Assignment: The whole listing, apart from its images, should be restated word for word.
-- Collected material follows --
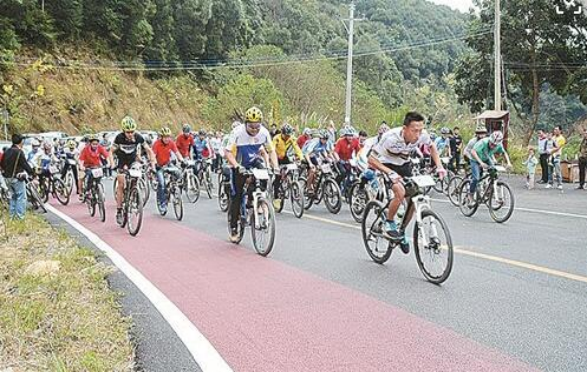 这条线路全长约40多公里(其中旅游公路20公里,健身步道约20多公里),全程位于全国最大的11.38万亩连片天然次生红椎林中心腹地,生态环境保护完好,空气清新,负离子含量高达2万个/cm³以上,山高林茂、草绿石奇、谷幽水秀、雾浓云美,是游客进行康体、养生、禅修的胜地。线路内包含五皇山、石祖禅茶园、石祖花果田园3个景区,其中五皇山是国家AAAA景区,目前各景区均已建设了集户外运动、观光旅游、休闲养生、度假居住一体的体育休闲运动康养基地。举办山地徒步运动比赛和自行车骑行比赛3次,石祖禅茶园综合体育馆开展篮球、气排球、乒乓球、电子射击等体育赛事50多场次,参加的选手超过1万人次。
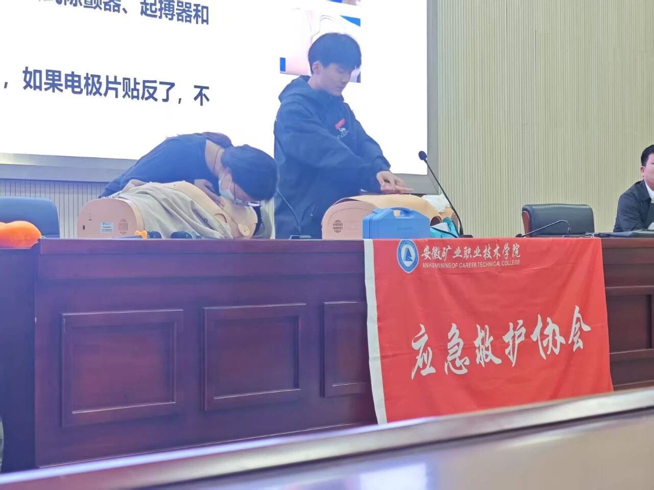 活动中,李永老师结合校园生活实际,围绕心肺复苏、气道异物梗阻处理、创伤包扎等常见急救技能展开讲解。他通过生动的案例分析,强调了“黄金救援时间”的重要性,并系统演示了操作流程与关键要点。应急救护社团的同学们配合李老师的讲解,利用人体模型和急救器材,分步骤展示了规范的动作要领,使理论知识更加直观易懂。
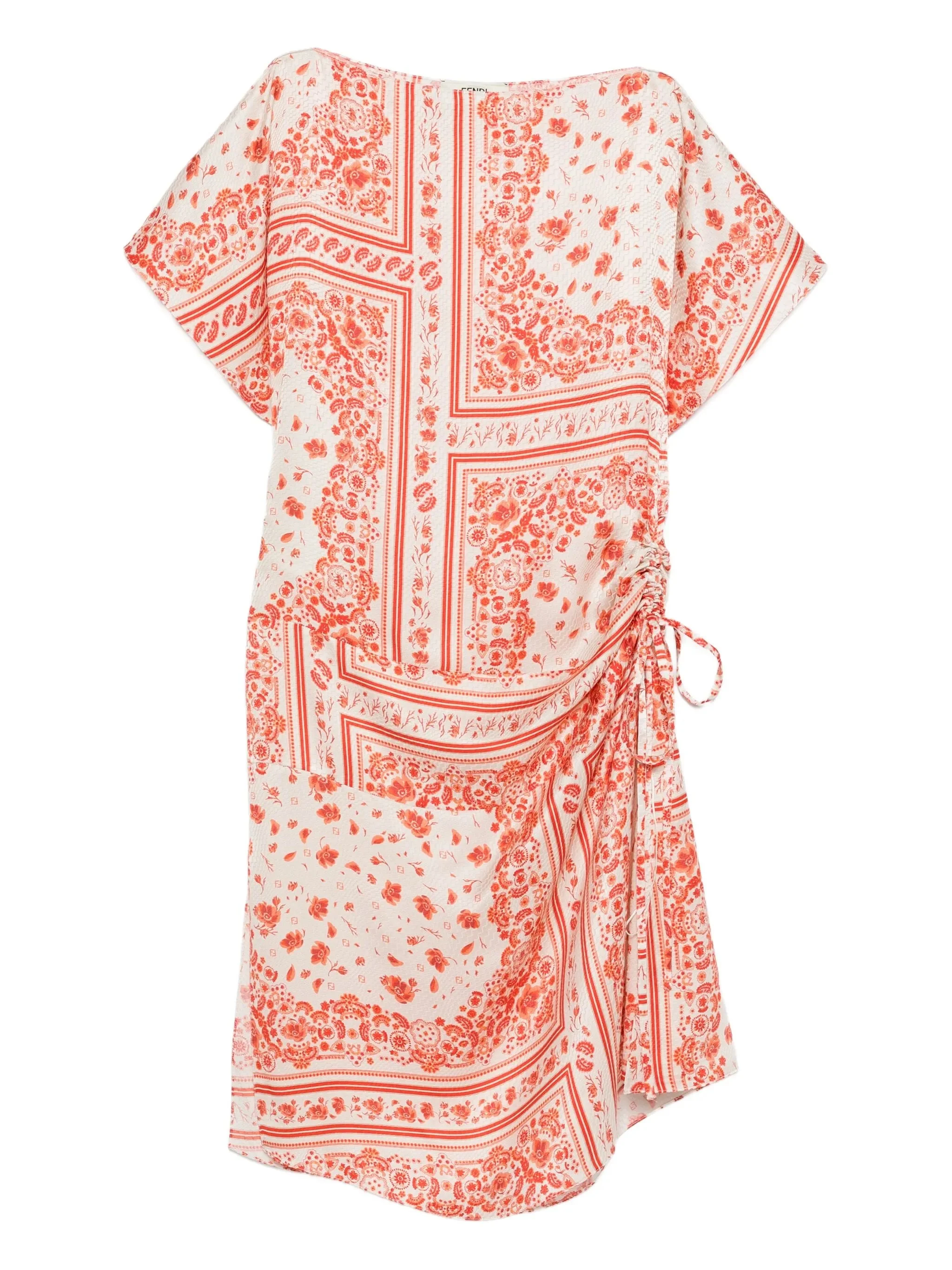 - beige - patterned jacquard - drawstring waist - short sleeves - boat neck - asymmetric hem Materials & Product Care Silk 100% Size & Fit - The model is 1.79 m wearing size 40.
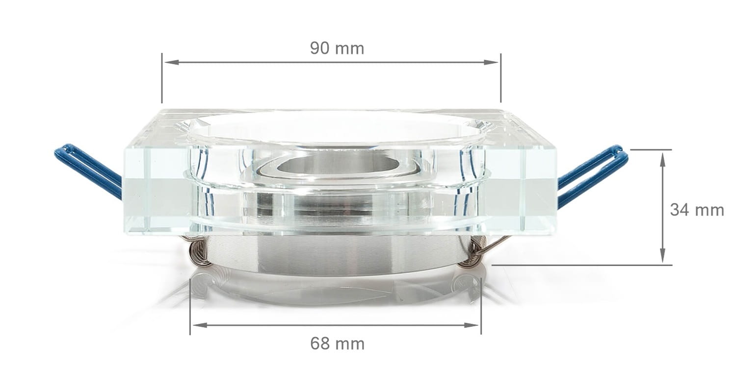 Corp de iluminat halogen are dimensiuni compacte, ceea ce îl face ideal pentru instalarea în diverse locații. Dimensiunile acestuia sunt: 90x90x34 [mm]. Diametrul orificiului de montaj este de 68 [mm]. Datorită acestor dimensiuni reduse, corpul Tami este ușor de instalat în diverse locuri și nu ocupă mult spațiu, aspect important în încăperile mici sau unde estetica joacă un rol esențial în designul interior.
-- Collected material concluded --
Your solution:
 这条线路全长约40多公里(其中旅游公路20公里,健身步道约20多公里),全程位于全国最大的11.38万亩连片天然次生红椎林中心腹地,生态环境保护完好,空气清新,负离子含量高达2万个/cm³以上,山高林茂、草绿石奇、谷幽水秀、雾浓云美,是游客进行康体、养生、禅修的胜地。线路内包含五皇山、石祖禅茶园、石祖花果田园3个景区,其中五皇山是国家AAAA景区,目前各景区均已建设了集户外运动、观光旅游、休闲养生、度假居住一体的体育休闲运动康养基地。举办山地徒步运动比赛和自行车骑行比赛3次,石祖禅茶园综合体育馆开展篮球、气排球、乒乓球、电子射击等体育赛事50多场次,参加的选手超过1万人次。
 活动中,李永老师结合校园生活实际,围绕心肺复苏、气道异物梗阻处理、创伤包扎等常见急救技能展开讲解。他通过生动的案例分析,强调了“黄金救援时间”的重要性,并系统演示了操作流程与关键要点。应急救护社团的同学们配合李老师的讲解,利用人体模型和急救器材,分步骤展示了规范的动作要领,使理论知识更加直观易懂。
 - beige - patterned jacquard - drawstring waist - short sleeves - boat neck - asymmetric hem Materials & Product Care Silk 100% Size & Fit - The model is 1.79 m wearing size 40.
 Corp de iluminat halogen are dimensiuni compacte, ceea ce îl face ideal pentru instalarea în diverse locații. Dimensiunile acestuia sunt: 90x90x34 [mm]. Diametrul orificiului de montaj este de 68 [mm]. Datorită acestor dimensiuni reduse, corpul Tami este ușor de instalat în diverse locuri și nu ocupă mult spațiu, aspect important în încăperile mici sau unde estetica joacă un rol esențial în designul interior.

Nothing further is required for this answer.